1. An image embedding processing method, characterized in that the method comprises: the method comprises the steps of obtaining a first medical image to be processed, and determining a first image processing model corresponding to the first medical image, wherein the first image processing model at least comprises a feature extraction module, a feature fusion module and an embedding processing module, the feature extraction module is used for extracting features of the first medical image under multiple scales, the feature fusion module is used for obtaining a fusion feature map obtained after fusion of global features and local features of the first medical image, and the embedding processing module is used for obtaining an embedding vector for mapping the fusion feature map into preset dimensions; And inputting the first medical image into the first image processing model, and outputting a first embedded vector corresponding to the first medical image.
2. The method of claim 1, wherein the inputting the first medical image into the first image processing model and outputting a first embedded vector corresponding to the first medical image comprises: Inputting the first medical image to the feature extraction module to extract image features of the first medical image under different scales so as to obtain a first feature map; inputting the first feature map to the feature fusion module to fuse global features and local features of the first medical image to obtain a fused feature map; and inputting the fusion feature map to the embedding processing module to perform feature compression and standardization processing on the fusion feature map to obtain the first embedding vector corresponding to the first medical image.

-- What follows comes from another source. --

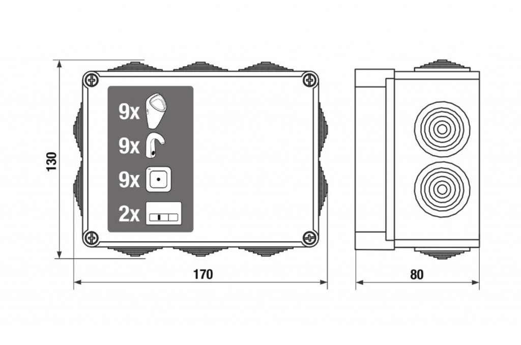 - rozmery 170 x 130 x 80 mm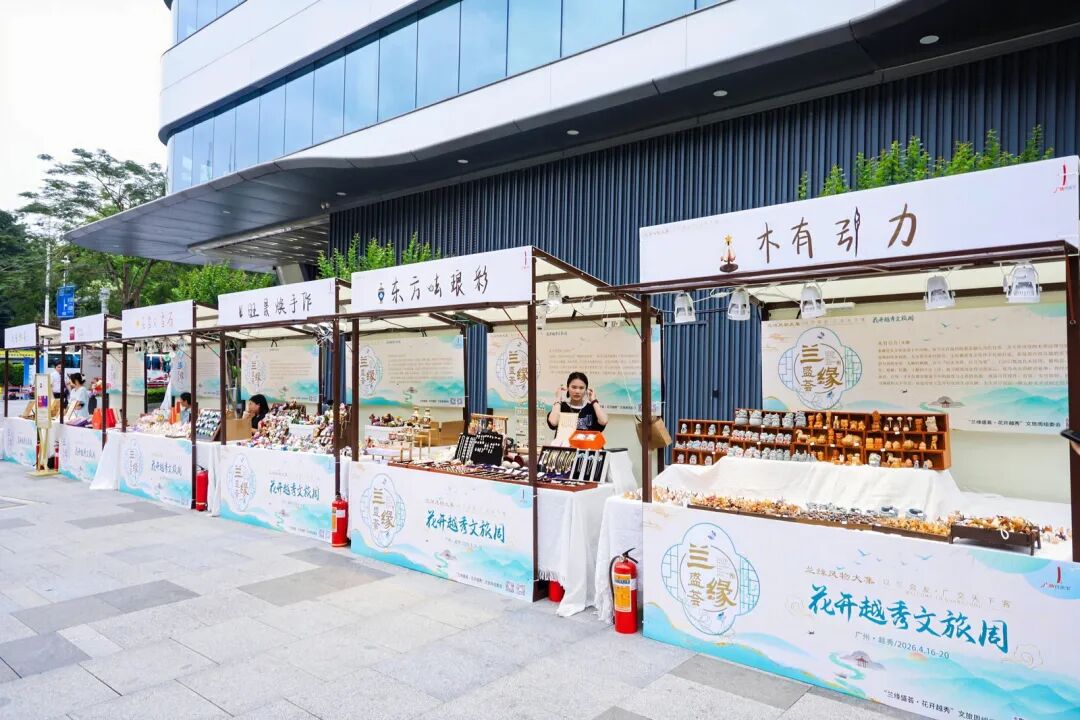 “兰缘盛荟×风物大集”在广州兰圃外广场开展,尽显岭南雅韵与市井烟火的融合,市集汇聚非遗手作、广府风物、国风美学好物与特色文创,打造沉浸式岭南生活美学体验。市民与游客可在兰香袅袅中,赏兰韵、品茶香、淘好物,感受“兰香绕市集,风物藏雅趣”的独特氛围。

3. The method of claim 2, wherein the feature extraction module comprises a depth separable convolution unit, a convolution processing unit and a splicing unit, wherein the depth separable convolution unit comprises at least one depth separable convolution layer, the convolution processing unit comprises at least two parallel convolution branches, at least two of the convolution branches comprise a standard convolution layer and a cavity convolution layer, and convolution kernels corresponding to the standard convolution layers in at least two of the convolution branches are different in size; the inputting the first medical image to the feature extraction module to perform image feature extraction on the first medical image under different scales to obtain a first feature map includes: Inputting the first medical image to the depth separable convolution unit to respectively convolve the spatial features and the channel features of the first medical image to obtain a second feature map; the second feature map is respectively input into each convolution branch of the convolution processing unit, and a third feature map output by each convolution branch is obtained; and inputting the plurality of third feature images into the splicing unit to perform feature splicing processing to obtain the first feature images.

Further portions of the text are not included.